Roger was sitting on the back balcony eating jello when the mail came. He had gotten fairly addicted to the stuff in the hospital a few months back, and now he ate it almost every day. Laura made big batches of the sugar free kind for him on the weekends, and poured it into a dozen white ramekins she had brought from town. He scooped a chunk out of the dish and sucked it into his mouth through pursed lips. He liked to hold each bit in his mouth for a moment, feeling its strange shape and consistency before mashing it with his tongue and swallowing without chewing. He liked how the ramekins were almost clean when he finished, hardly any of the jewel toned gel left clinging to the sides.
He heard a car on the gravel road long before it ever reached the lighthouse. Perched high above the village on the cliffs that overlooked the bay, the days were long and warm and quiet. Only the sound of the waves and the gulls broke the silence.
He heard the car crunch to a stop, engine idling, and he heard the rusty protest of the mailbox as it was opened and closed. The car drove on.
Roger scooped out the last bit of orange jello and pondered the empty dish as he held the bit in his mouth. There wouldn't be any mail. There never was. Not until the fifteenth or so when a few bills would trickle in. He didn't even get junk mail. Advertisers probably thought he was too far out. Far out.
But, there was the water bill he had left for the mailman to take away. He turned the ramekin from side to side, studying the few tiny remaining droplets of orange gel. He would go and see that the bill was gone.
Roger turned back into the cool darkness of the brick cottage attached to the lighthouse where he lived. He moved through the dark rooms without even thinking, and out the front door where the sunlight greeted him again. It was an Indian Summer this year, and Roger privately hoped it would be over soon. The sooner the cold set in, the sooner it would be over.

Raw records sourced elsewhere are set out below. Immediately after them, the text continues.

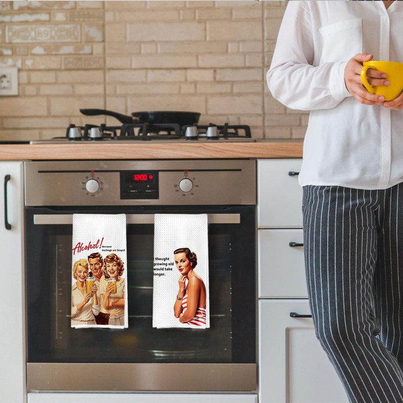 Humor adds the perfect touch to everyday life. This 16×24 inch microfiber waffle weave towel features playful phrases and fun graphics that bring a cheerful vibe to any kitchen or bathroom. Whether it’s a witty quote or a charming illustration, it turns ordinary spaces into something a little more fun.Lightweight and soft in texture, the towel hangs beautifully and makes a visual impact wherever it's displayed. Great for brightening your home or as a small gift that brings a smile—because a little laughter goes a long way.
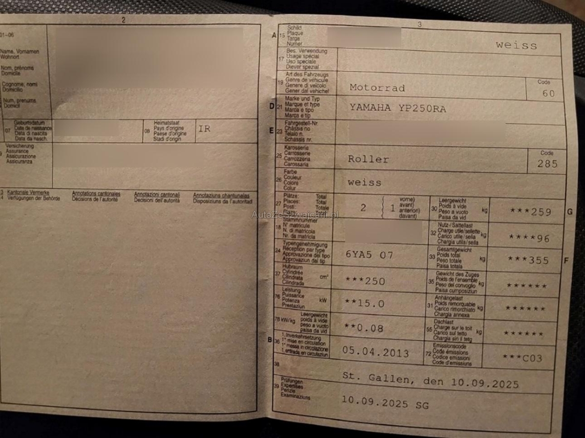 | Zusatzinformationen | Scooter wird ohne Handwärmer und Top-Case verkauftDie (vom Fahrzeugexperten) ermittelten Reparaturkosten beziehen sich auf das versicherte Ereignis. Allfällige zusätzliche, nicht versicherte Schäden/Vorschäden, sind in den Reparaturkosten nicht enthalten. Die deklarierten Ausstattungsmerkmale können von der effektiven Ausstattung abweichen.AchtungBei einem Hochvoltsystem - Spannungsfreiheit prüfen. Sicherheitshinweise und Betriebsanleitungen des Herstellers konsultieren und befolgen. |
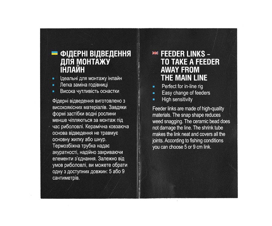 Фидерные отводы для монтажа инлайн Flagman Feeder Links изготовлены из высококачественных материалов. Благодаря форме застёжки водная растительность меньше цепляется за монтаж во время рыбалки. Керамическое скользящее основание отвода не повреждает основную леску или шнур. Термоусадочная трубка придаёт монтажу аккуратности, надёжно закрывая элементы соединения. В зависимости от условий ловли вы можете выбрать одну из доступных длин Flagman Feeder Links: 6 или 9 сантиметров.
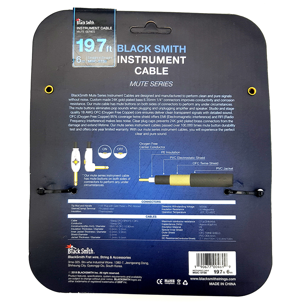 A BlackSmith Mute széria hangszerkábeleit a tiszta, zajmentes jeltovábbításra tervezték. A 24K arany bevonat a 6,35 mm-es sárgaréz jack csatlakozókon növeli a vezetőképességet és gátolja a korróziót. A Mute kábelek csatlakozói mute gombbal rendelkeznek, ami megszünteti a kattanó hangot az erősítő vagy hangfal csatlakoztatásakor. Ezek a gombok 100 000-szeres tartóssági teszten mentek keresztül. A színpadi és stúdió minőségű 22 AWG OFC (Oxygen Free Copper - oxigénmentes réz) mag biztosítja a veszteség nélküli jeltovábbítást. A 95%-os OFC árnyékolás kiküszöböli az EMI (elektromágneses interferencia) és RFI (rádiófrekvenciás interferencia) hatását, így biztosítja a zajmentességet.
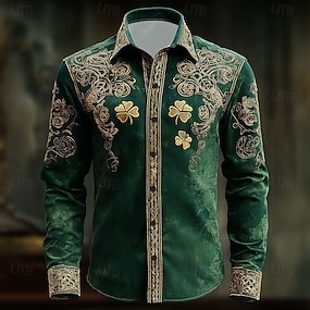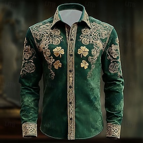 St. Patrick's Day Herren Vierblättriger Kleeblatt Shamrock Keltische Kunst Hemd Button Up Hemd Langarm Vintage Retro Feiertag Frühling Herbst Umgeschlagen 3D Druck Leinenähnliches Hemd Grün 1
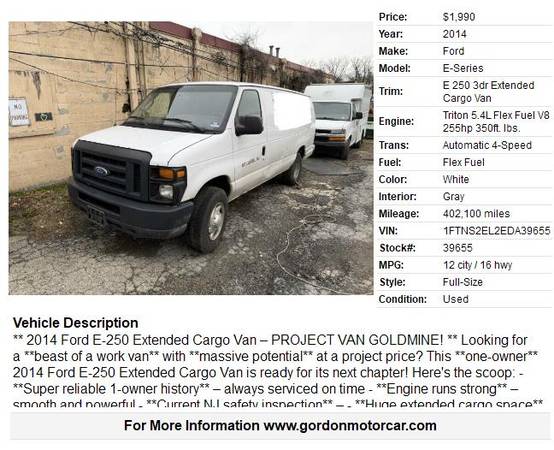 **🚐 2014 Ford E-250 Extended Cargo Van – PROJECT VAN GOLDMINE! 🚐** Looking for a **beast of a work van** with **massive potential** at a project price? This **one-owner** 2014 Ford E-250 Extended Cargo Van is ready for its next chapter! Here’s the scoop: - **Super reliable 1-owner history** – always serviced on time - **Engine runs strong** – smooth and powerful - **Current NJ safety inspection** – - **Huge extended cargo space** – perfect for deliveries, trades, camper conversion, or mobile business - **Clean PA title in hand** – no headaches - **Transmission issue**: No reverse (easy fix for the right person – think quick money-making flip!) This is the perfect **easy project van** for a mechanic, entrepreneur, or van-life builder who wants to turn a solid foundation into serious cash or the ultimate custom rig. **You can literally drive it home** (just plan your route – plenty of parking lots have pull-throughs 😏). Serious buyers only – come check it out in the Malvern PA area! **Don't sleep on this one** – these tough Econolines are getting harder to find! Message me now before it's gone! 💨
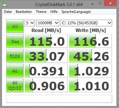 In dem Satellite steckt eine Festplatte von Toshiba. Sie besitzt eine Kapazität von 500 GB und arbeitet mit 5.400 Umdrehungen pro Minute. CrystalDiskMark meldet eine Lesegeschwindigkeit von 115 MB/s. HD Tune liefert eine durchschnittliche Transferrate von 87,8 MB/s. Hierbei handelt es sich um gute Werte für eine 5.400er-Festplatte, die wir bei einem Netbook nicht erwartet haben.
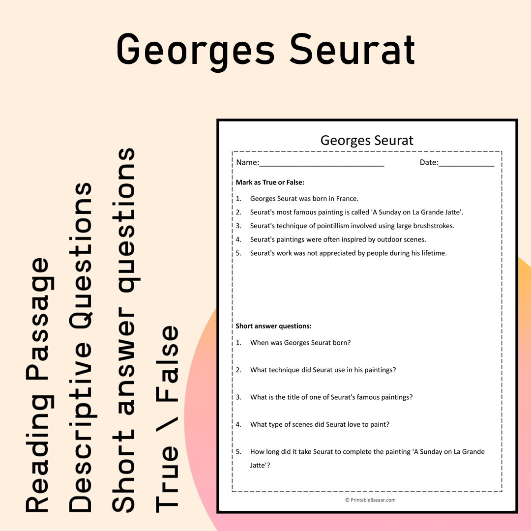 - Engaging Reading Passage: A detailed overview of Georges Seurat's life and artistic style 📚

He stomped down the cement walk out to the road where the venerable old rust box sat on its post like an old man on a stool. Half way there, he paused. The little red flag was still up. Maybe it hadn't been the mailman after all.
Occasionally one would get a bored tourist from the village below who would drive up in their shiny rental car and snap a picture or two of the nameless lighthouse before driving back down again. That's probably what he had heard.
Just to be on the safe side, Roger decided to check. He opened the mailbox and bent over at the waist to peer inside. Something moved.
Startled, Roger jumped back and cursed as a crab scuttled out of the mailbox and fell to the ground. He watched it running for its life across the gravel. Wrong way, he thought.
He clutched his chest and swore again for good measure before bending over again. He inspected the dark interior carefully before putting his hand in and drawing out two envelopes. One, small, brown, padded one, and his own water bill.